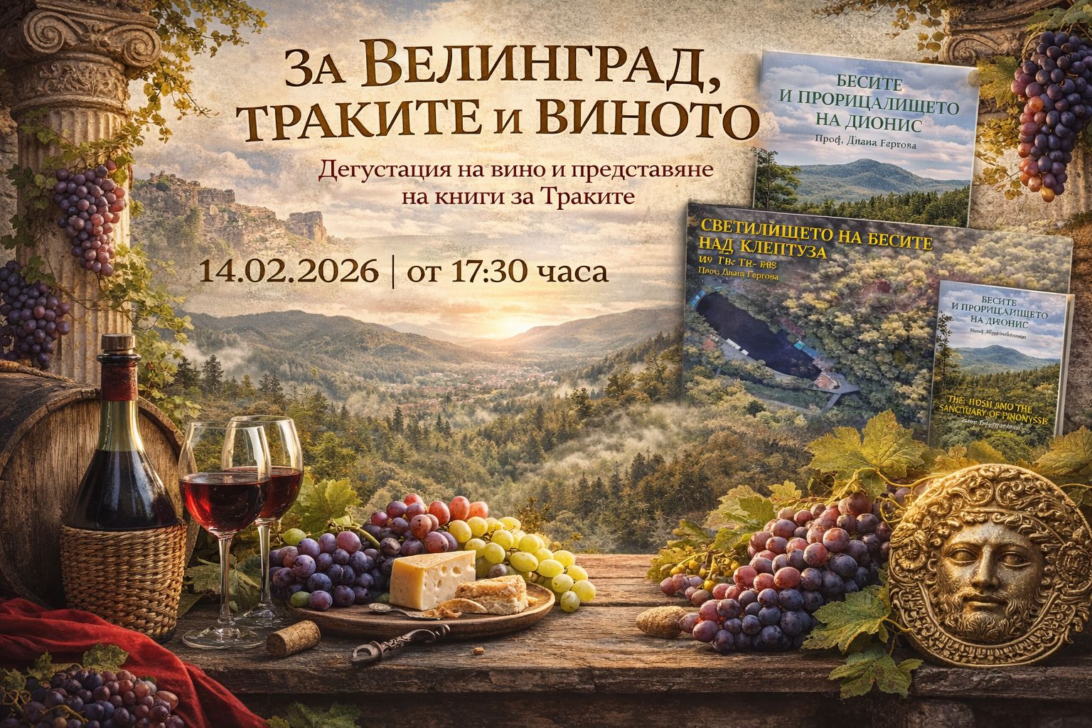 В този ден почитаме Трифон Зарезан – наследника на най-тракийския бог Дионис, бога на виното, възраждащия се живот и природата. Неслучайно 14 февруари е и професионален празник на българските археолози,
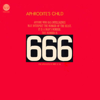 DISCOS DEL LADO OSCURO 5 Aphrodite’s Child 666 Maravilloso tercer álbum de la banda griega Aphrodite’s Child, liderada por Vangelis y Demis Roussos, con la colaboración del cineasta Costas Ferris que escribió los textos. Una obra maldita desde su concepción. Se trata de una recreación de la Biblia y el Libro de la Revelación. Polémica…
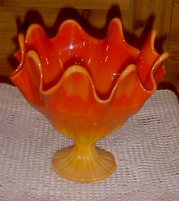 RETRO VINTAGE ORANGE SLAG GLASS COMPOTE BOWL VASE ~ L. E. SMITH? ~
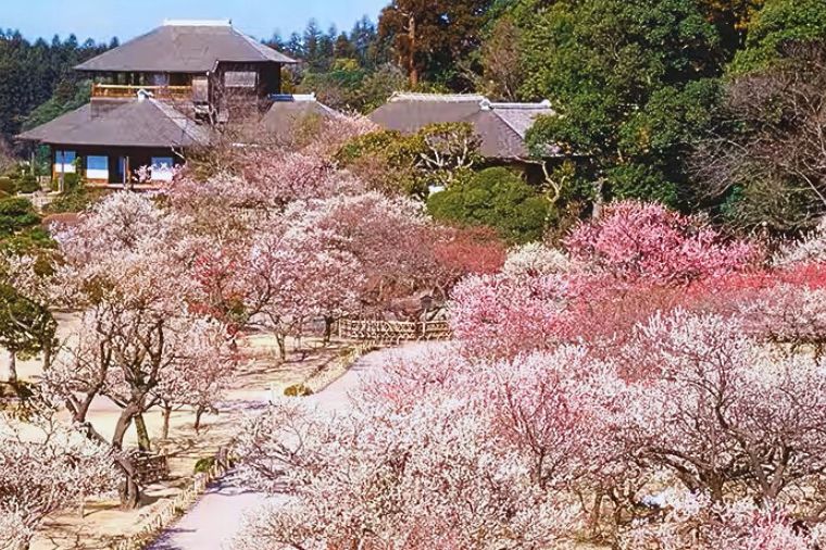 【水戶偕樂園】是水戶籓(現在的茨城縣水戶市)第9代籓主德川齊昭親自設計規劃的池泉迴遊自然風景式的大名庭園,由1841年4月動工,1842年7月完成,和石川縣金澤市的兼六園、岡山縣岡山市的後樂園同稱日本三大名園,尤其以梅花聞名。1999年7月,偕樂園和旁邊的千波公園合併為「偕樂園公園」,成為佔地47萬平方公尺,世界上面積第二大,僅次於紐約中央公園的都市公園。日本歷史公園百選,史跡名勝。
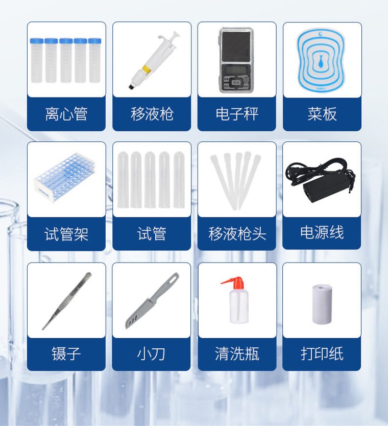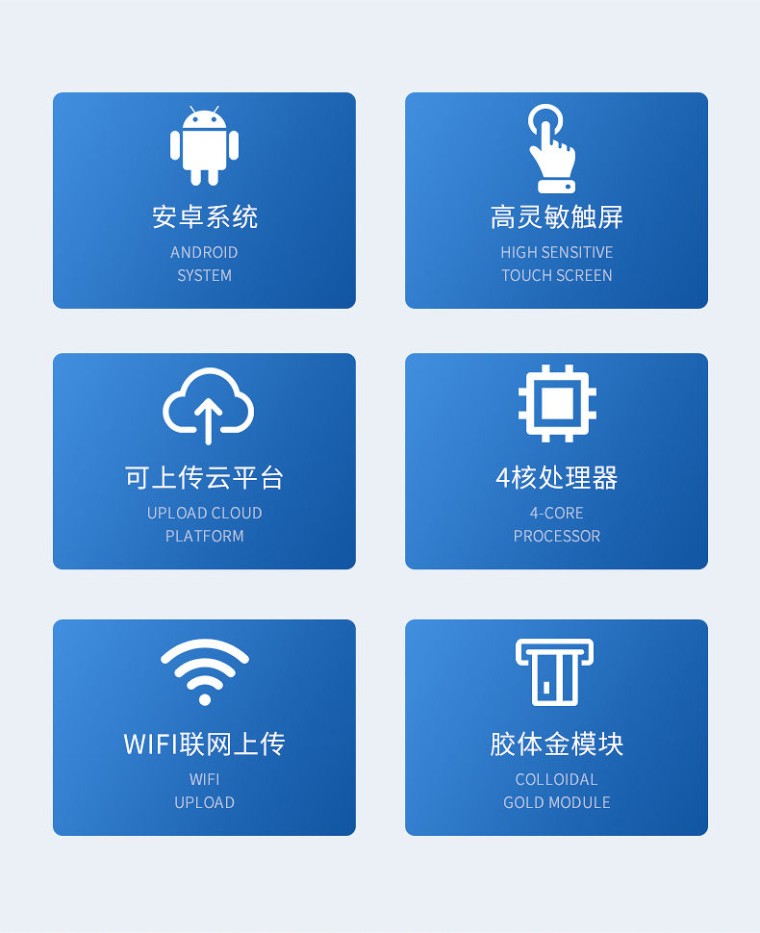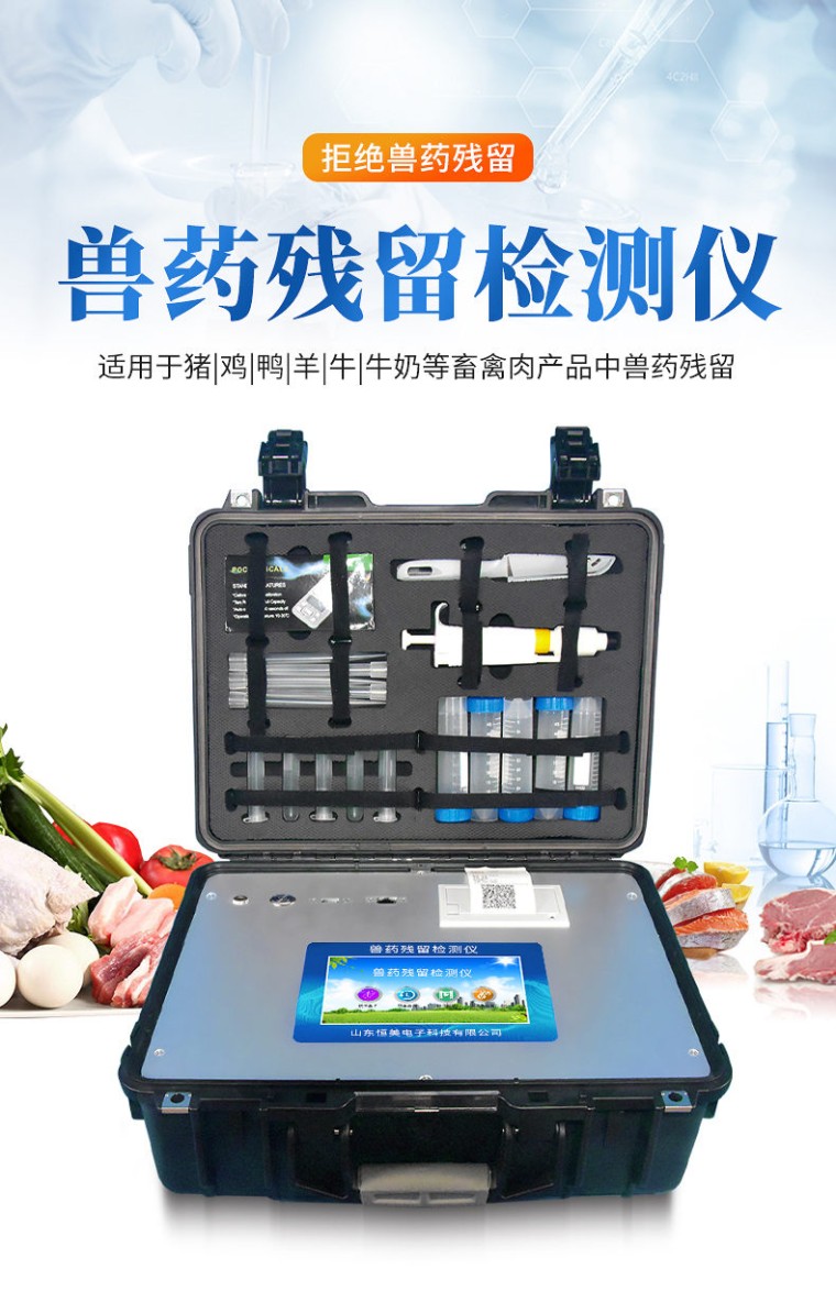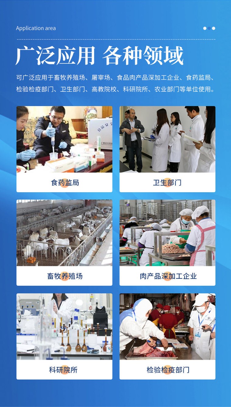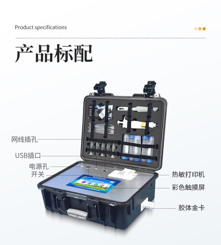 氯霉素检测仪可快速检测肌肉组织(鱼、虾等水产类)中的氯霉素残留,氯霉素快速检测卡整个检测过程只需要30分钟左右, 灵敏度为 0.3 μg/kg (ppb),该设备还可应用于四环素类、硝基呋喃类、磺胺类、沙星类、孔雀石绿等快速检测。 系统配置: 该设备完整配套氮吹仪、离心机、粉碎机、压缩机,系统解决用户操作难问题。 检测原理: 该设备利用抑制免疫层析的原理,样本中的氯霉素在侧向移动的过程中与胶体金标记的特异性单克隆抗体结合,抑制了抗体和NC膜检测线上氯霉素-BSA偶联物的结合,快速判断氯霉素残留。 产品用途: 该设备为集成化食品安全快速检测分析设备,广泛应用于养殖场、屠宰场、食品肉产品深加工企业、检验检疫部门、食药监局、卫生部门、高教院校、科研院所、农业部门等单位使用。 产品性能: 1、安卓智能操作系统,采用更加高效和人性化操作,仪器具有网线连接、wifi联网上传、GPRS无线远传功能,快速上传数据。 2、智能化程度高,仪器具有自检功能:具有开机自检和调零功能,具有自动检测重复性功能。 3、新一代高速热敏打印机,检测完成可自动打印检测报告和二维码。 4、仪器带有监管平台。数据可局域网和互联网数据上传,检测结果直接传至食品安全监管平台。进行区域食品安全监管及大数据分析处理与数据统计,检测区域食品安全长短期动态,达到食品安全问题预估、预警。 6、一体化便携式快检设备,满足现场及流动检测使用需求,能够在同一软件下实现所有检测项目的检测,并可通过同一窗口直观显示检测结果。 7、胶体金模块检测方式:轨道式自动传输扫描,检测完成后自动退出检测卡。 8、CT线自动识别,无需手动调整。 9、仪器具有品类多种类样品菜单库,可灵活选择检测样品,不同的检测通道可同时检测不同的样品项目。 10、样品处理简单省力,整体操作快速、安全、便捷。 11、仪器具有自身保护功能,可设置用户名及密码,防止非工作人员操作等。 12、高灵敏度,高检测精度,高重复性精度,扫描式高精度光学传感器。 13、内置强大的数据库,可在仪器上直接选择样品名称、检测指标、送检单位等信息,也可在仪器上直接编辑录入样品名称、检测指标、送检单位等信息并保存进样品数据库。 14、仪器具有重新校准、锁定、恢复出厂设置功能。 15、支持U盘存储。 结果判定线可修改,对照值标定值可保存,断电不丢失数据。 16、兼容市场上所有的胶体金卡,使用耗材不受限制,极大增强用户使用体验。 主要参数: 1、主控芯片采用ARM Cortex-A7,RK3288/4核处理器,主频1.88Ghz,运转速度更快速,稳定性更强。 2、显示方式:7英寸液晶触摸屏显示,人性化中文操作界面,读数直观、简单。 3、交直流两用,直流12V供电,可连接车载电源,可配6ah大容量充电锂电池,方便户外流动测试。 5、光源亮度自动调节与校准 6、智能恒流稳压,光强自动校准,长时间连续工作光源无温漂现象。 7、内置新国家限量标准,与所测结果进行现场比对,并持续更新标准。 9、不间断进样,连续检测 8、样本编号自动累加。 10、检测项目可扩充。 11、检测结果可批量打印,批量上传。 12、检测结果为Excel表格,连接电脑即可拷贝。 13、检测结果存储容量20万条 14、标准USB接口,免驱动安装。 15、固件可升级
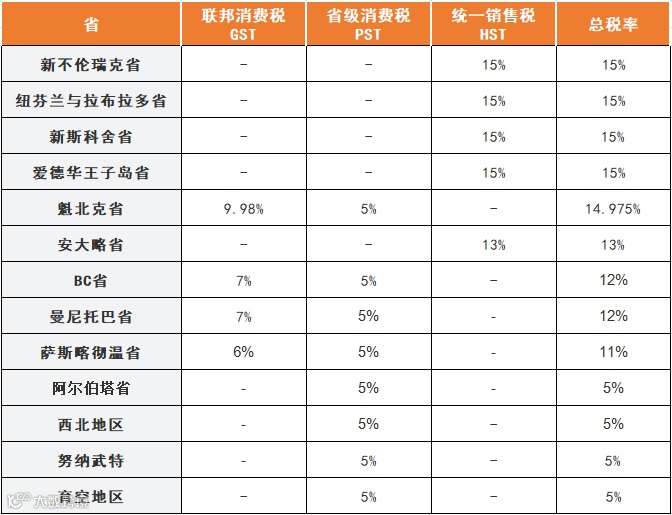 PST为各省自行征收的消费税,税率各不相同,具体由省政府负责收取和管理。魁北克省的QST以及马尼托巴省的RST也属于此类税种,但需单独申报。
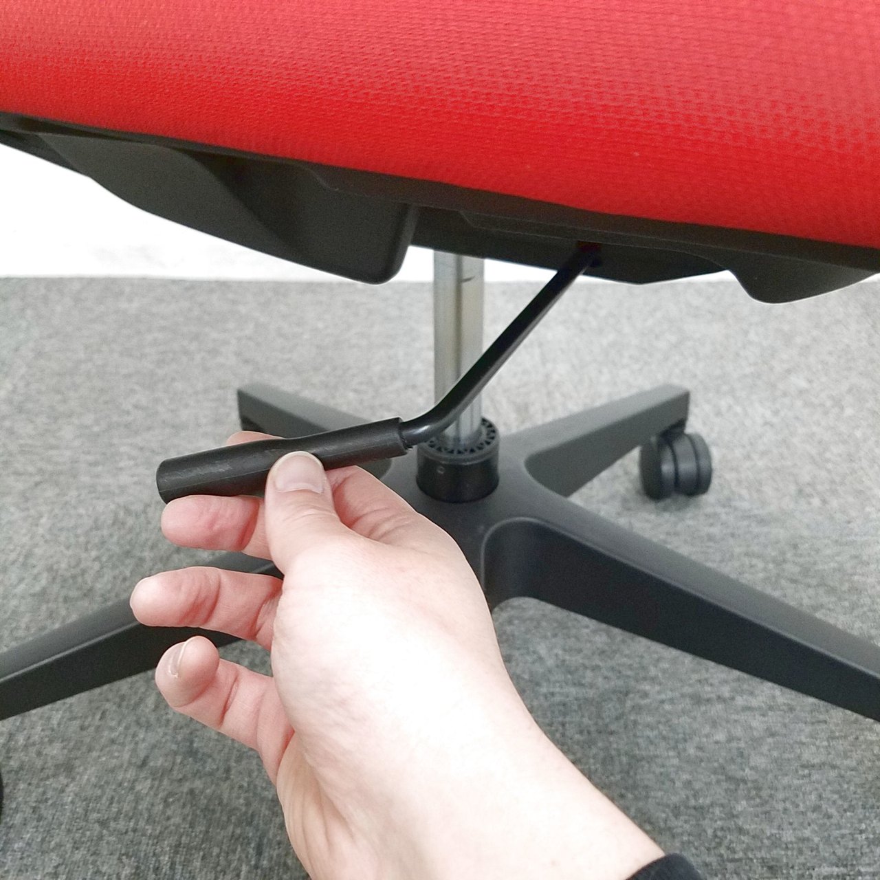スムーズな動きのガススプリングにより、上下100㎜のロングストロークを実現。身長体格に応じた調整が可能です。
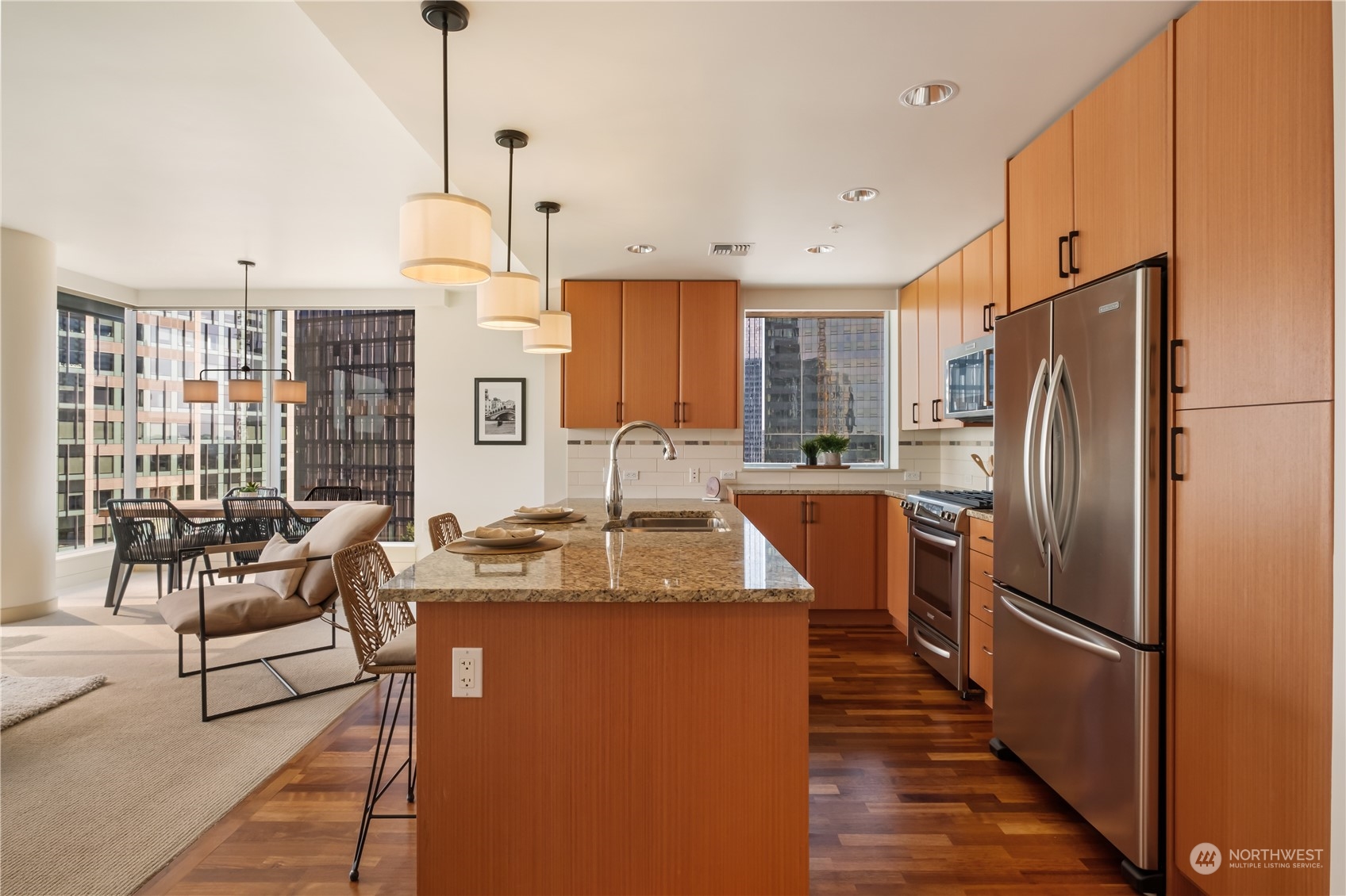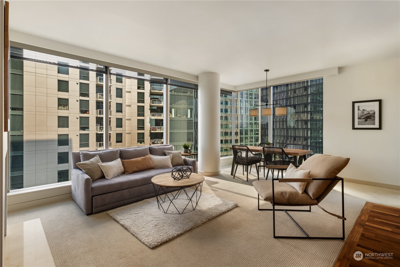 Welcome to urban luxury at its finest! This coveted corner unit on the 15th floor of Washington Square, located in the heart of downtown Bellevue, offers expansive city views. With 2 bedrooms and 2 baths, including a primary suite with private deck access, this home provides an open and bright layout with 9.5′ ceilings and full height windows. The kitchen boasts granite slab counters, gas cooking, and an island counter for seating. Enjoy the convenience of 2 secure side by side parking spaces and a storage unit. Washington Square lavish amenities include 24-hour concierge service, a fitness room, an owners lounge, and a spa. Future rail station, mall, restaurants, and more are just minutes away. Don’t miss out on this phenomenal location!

● ● ● ●

Only exact copies are wanted here. Write out the lines from the one containing "PST为各省自行征收的消费税" through the end of the material and no others, omitting all pictures.

— Result —
 PST为各省自行征收的消费税,税率各不相同,具体由省政府负责收取和管理。魁北克省的QST以及马尼托巴省的RST也属于此类税种,但需单独申报。
スムーズな動きのガススプリングにより、上下100㎜のロングストロークを実現。身長体格に応じた調整が可能です。
 Welcome to urban luxury at its finest! This coveted corner unit on the 15th floor of Washington Square, located in the heart of downtown Bellevue, offers expansive city views. With 2 bedrooms and 2 baths, including a primary suite with private deck access, this home provides an open and bright layout with 9.5′ ceilings and full height windows. The kitchen boasts granite slab counters, gas cooking, and an island counter for seating. Enjoy the convenience of 2 secure side by side parking spaces and a storage unit. Washington Square lavish amenities include 24-hour concierge service, a fitness room, an owners lounge, and a spa. Future rail station, mall, restaurants, and more are just minutes away. Don’t miss out on this phenomenal location!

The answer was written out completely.